A few reasons it still wins:
It’s declarative. You describe what you want, not how to compute it.
It’s stable. Decades of optimizations, battle-tested across industries.
It’s portable. From Postgres to BigQuery to Snowflake to DuckDB, SQL is everywhere.
It’s optimized. Modern engines can handle insane workloads with minimal tuning.
It’s the one language every analyst, engineer, and ML person can agree on.
Even modern “data engineering” tools—dbt, Spark SQL, Trino, BigQuery ML—are simply bringing SQL to new environments, not replacing it.
The ecosystem keeps changing, but SQL’s simplicity and longevity make it the closest thing we have to a universal data language.
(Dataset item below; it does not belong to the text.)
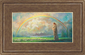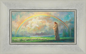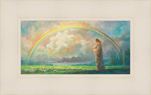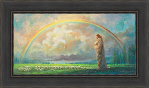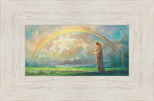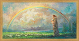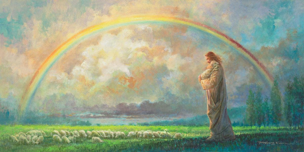 After the Storm is a painting by Yongsung Kim. This painting depicts Jesus Christ looking at a rainbow while holding a little lamb.

Curious to hear how others feel: Is SQL’s dominance a sign of maturity, or is something genuinely better on the horizon?
willvarfar•13m ago
And the dialects of the language itself, SQL keeps getting more relaxed and interoperable and forgiving. With WITH and CTEs and things it keeps getting easier and cleaner to express things, so it's going steadily in the right direction. There are still a few slight differences in the syntax for window functions between bigquery and duckdb, for an example I fight often, but they are all a lot closer to each other today than they used to be back 30 years ago when you had to use SQL differently and construct complicated queries differently just to run on Oracle vs MySQL vs Postgres.